▶ [STORED DATA]:
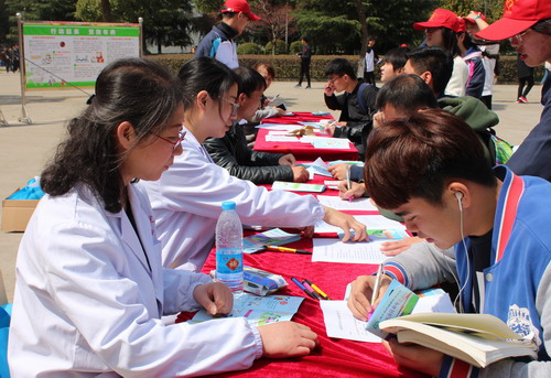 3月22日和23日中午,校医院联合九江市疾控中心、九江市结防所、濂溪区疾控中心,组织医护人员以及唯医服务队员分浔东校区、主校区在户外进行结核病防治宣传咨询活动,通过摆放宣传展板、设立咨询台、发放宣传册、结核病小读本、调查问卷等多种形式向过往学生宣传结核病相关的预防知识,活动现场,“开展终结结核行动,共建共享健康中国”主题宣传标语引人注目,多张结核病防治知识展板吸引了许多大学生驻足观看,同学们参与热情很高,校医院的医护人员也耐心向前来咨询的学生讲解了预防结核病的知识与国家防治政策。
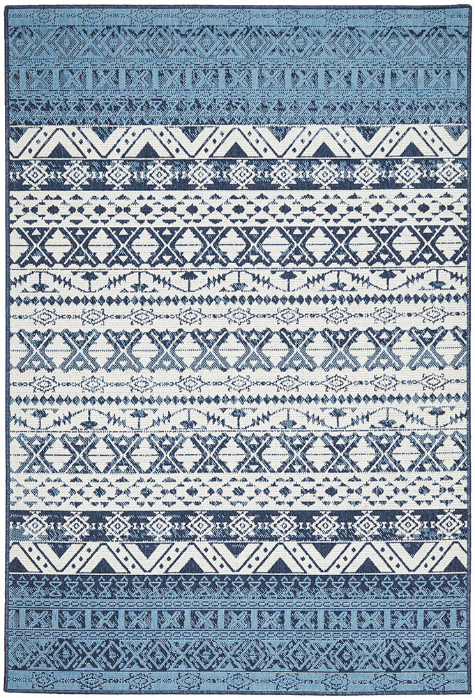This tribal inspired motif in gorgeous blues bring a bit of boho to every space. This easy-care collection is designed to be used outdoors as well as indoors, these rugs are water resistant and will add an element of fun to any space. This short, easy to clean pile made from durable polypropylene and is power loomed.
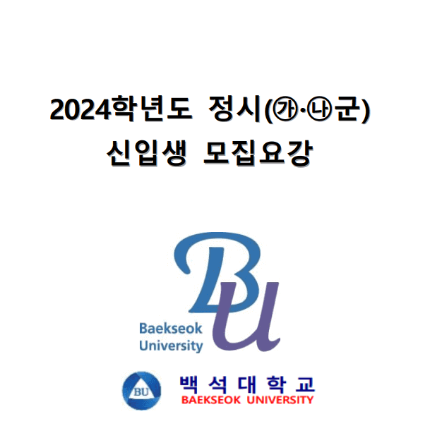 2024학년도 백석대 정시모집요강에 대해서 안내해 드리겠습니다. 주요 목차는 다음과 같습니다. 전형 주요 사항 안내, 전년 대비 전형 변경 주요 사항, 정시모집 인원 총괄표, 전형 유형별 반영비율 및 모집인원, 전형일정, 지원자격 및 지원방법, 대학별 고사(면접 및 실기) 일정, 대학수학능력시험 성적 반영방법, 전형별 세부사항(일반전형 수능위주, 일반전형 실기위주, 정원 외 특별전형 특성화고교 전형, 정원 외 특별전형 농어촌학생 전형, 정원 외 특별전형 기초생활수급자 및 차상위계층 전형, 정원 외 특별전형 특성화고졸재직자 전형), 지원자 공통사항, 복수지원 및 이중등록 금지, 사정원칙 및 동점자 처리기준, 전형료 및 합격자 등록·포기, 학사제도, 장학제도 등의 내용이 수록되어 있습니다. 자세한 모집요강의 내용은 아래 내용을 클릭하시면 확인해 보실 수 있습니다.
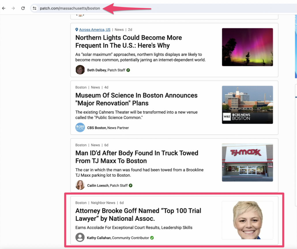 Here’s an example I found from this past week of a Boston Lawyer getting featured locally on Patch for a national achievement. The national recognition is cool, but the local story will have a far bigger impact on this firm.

▶ [ASSIGNMENT]: Leaving aside the pictures, copy the listing above exactly.

▶ [WORKED SOLUTION]:
 3月22日和23日中午,校医院联合九江市疾控中心、九江市结防所、濂溪区疾控中心,组织医护人员以及唯医服务队员分浔东校区、主校区在户外进行结核病防治宣传咨询活动,通过摆放宣传展板、设立咨询台、发放宣传册、结核病小读本、调查问卷等多种形式向过往学生宣传结核病相关的预防知识,活动现场,“开展终结结核行动,共建共享健康中国”主题宣传标语引人注目,多张结核病防治知识展板吸引了许多大学生驻足观看,同学们参与热情很高,校医院的医护人员也耐心向前来咨询的学生讲解了预防结核病的知识与国家防治政策。
This tribal inspired motif in gorgeous blues bring a bit of boho to every space. This easy-care collection is designed to be used outdoors as well as indoors, these rugs are water resistant and will add an element of fun to any space. This short, easy to clean pile made from durable polypropylene and is power loomed.
 2024학년도 백석대 정시모집요강에 대해서 안내해 드리겠습니다. 주요 목차는 다음과 같습니다. 전형 주요 사항 안내, 전년 대비 전형 변경 주요 사항, 정시모집 인원 총괄표, 전형 유형별 반영비율 및 모집인원, 전형일정, 지원자격 및 지원방법, 대학별 고사(면접 및 실기) 일정, 대학수학능력시험 성적 반영방법, 전형별 세부사항(일반전형 수능위주, 일반전형 실기위주, 정원 외 특별전형 특성화고교 전형, 정원 외 특별전형 농어촌학생 전형, 정원 외 특별전형 기초생활수급자 및 차상위계층 전형, 정원 외 특별전형 특성화고졸재직자 전형), 지원자 공통사항, 복수지원 및 이중등록 금지, 사정원칙 및 동점자 처리기준, 전형료 및 합격자 등록·포기, 학사제도, 장학제도 등의 내용이 수록되어 있습니다. 자세한 모집요강의 내용은 아래 내용을 클릭하시면 확인해 보실 수 있습니다.
 Here’s an example I found from this past week of a Boston Lawyer getting featured locally on Patch for a national achievement. The national recognition is cool, but the local story will have a far bigger impact on this firm.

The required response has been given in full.